Whyte attended University of Minnesota High School, studying with Arthur H. Ballet, among others. He completed his studies in Spokane, Washington, where the family had moved as his father held a series of increasingly responsible positions with the Great Northern Railway.

He attended Whitworth College in Spokane for one year, then transferred to San Francisco State University, where he studied drama. Among his professors was Kay Boyle. After receiving a bachelor of arts, he was accepted for graduate study at the Yale School of Drama, from which he received a master of fine arts degree in 1967. His professors at Yale included Dean Robert Brustein, theater historian John Gassner, film and theatre critic Stanley Kauffmann, critic Harold Clurman, with whom he later worked at The Actors Studio in New York, and Stella Adler. He subsequently enrolled at Union Theological Seminary in the City of New York, from which he received a master of divinity degree in 1976. At Union, his mentor was the founder of Black Liberation Theology, James H. Cone. He was a member of The Riverside Church in New York during the ministry of William Sloane Coffin and was in care for ordination as a minister in the United Church of Christ.

Professional activities

Literature

As a young man, Whyte was a contributor to the Baum Bugle of the L. Frank Baum Scholarship and the Baker Street Journal ("an irregular quarterly of Sherlockiana," and the journal of the Baker Street Irregulars).
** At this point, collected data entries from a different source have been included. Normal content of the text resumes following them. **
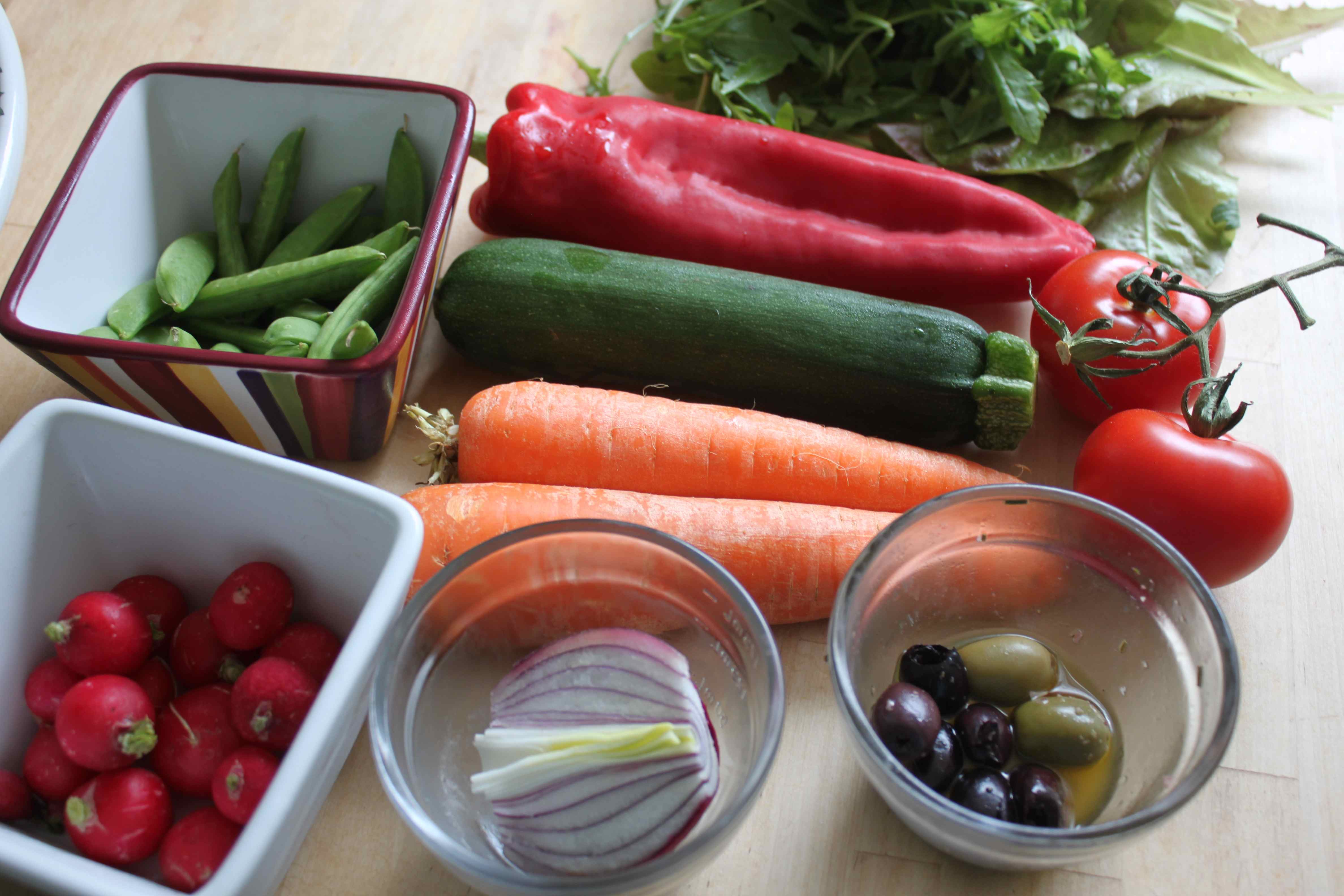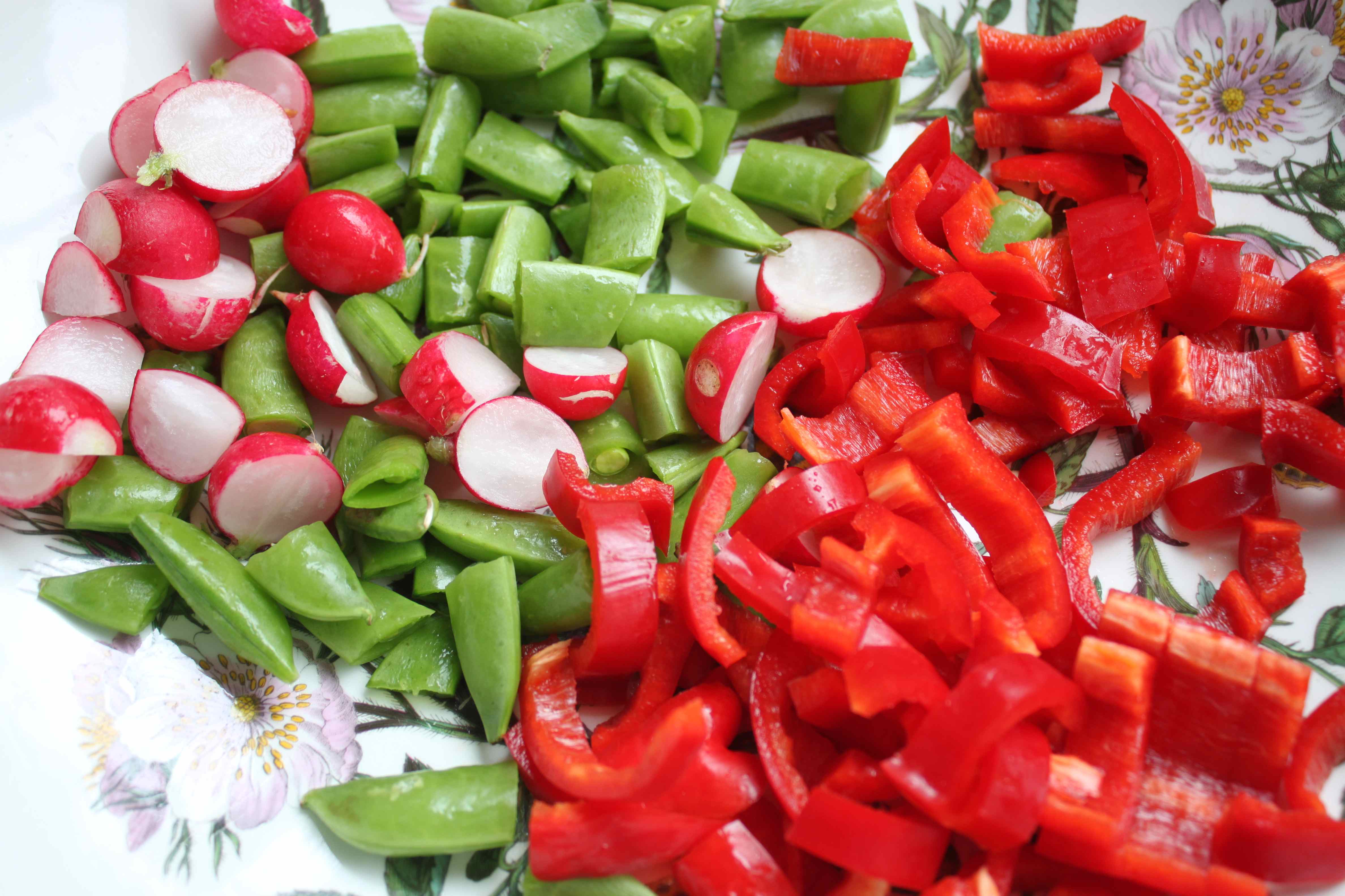 In to my huge bowl went sugar snap peas, red pepper and radishes.
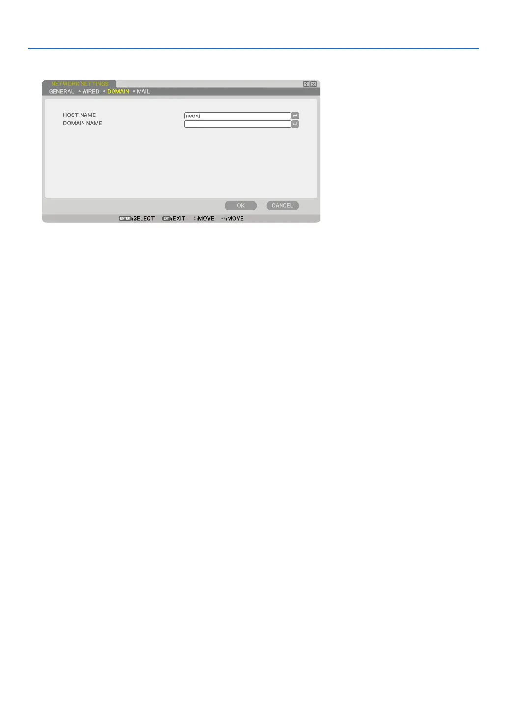 DOMAIN NAME ..... Type in domain name of the network connected to the projector. Up to 60 alphanumeric characters can
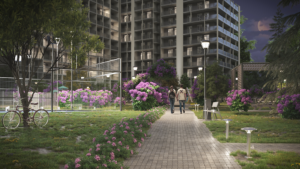 Another advantage of the project is the residential environment itself. Residents will enjoy a 15,000 sq.m. green courtyard and a lilac garden, creating a peaceful setting within the city’s active lifestyle. The complex also includes sports fields, a neighborhood lounge, a gym, and other important infrastructure elements.

While a student at Yale School of Drama, he was a writer in the 1960s for Marvel Comics, authoring stories in Marvel's Western series, including Rawhide Kid, Two-Gun Kid, and Kid Colt. A comic-book character created by Whyte at Yale, "Method Man," was the subject of a graphic issue of a 1967 Yale Drama Review. Whyte also wrote for the magazines Creepy and Eerie in the 1960s.[1] He compiled his experiences as an author into a book, contracted with St. Martin's Press but was not able to complete it before his death.

Whyte was Arts Editor and Book Review Editor of The SoHo Weekly News in New York; Drama Editor of The American Book Review; and a book reviewer for other publications. His books included The Flower That Finally Grew (New York: Crown Publishers, 1971); Welcome To Andromeda and Variety Obit (New York: Samuel French and Co., 1973), and Disability: A Comedy (New York: Theatre Development Fund, 1983). With the late art critic Gregory Battcock and Paul William Bradley, he coauthored a textbook on cinema history entitled The Story of Film (1979), contracted with E.P. Dutton but unpublished.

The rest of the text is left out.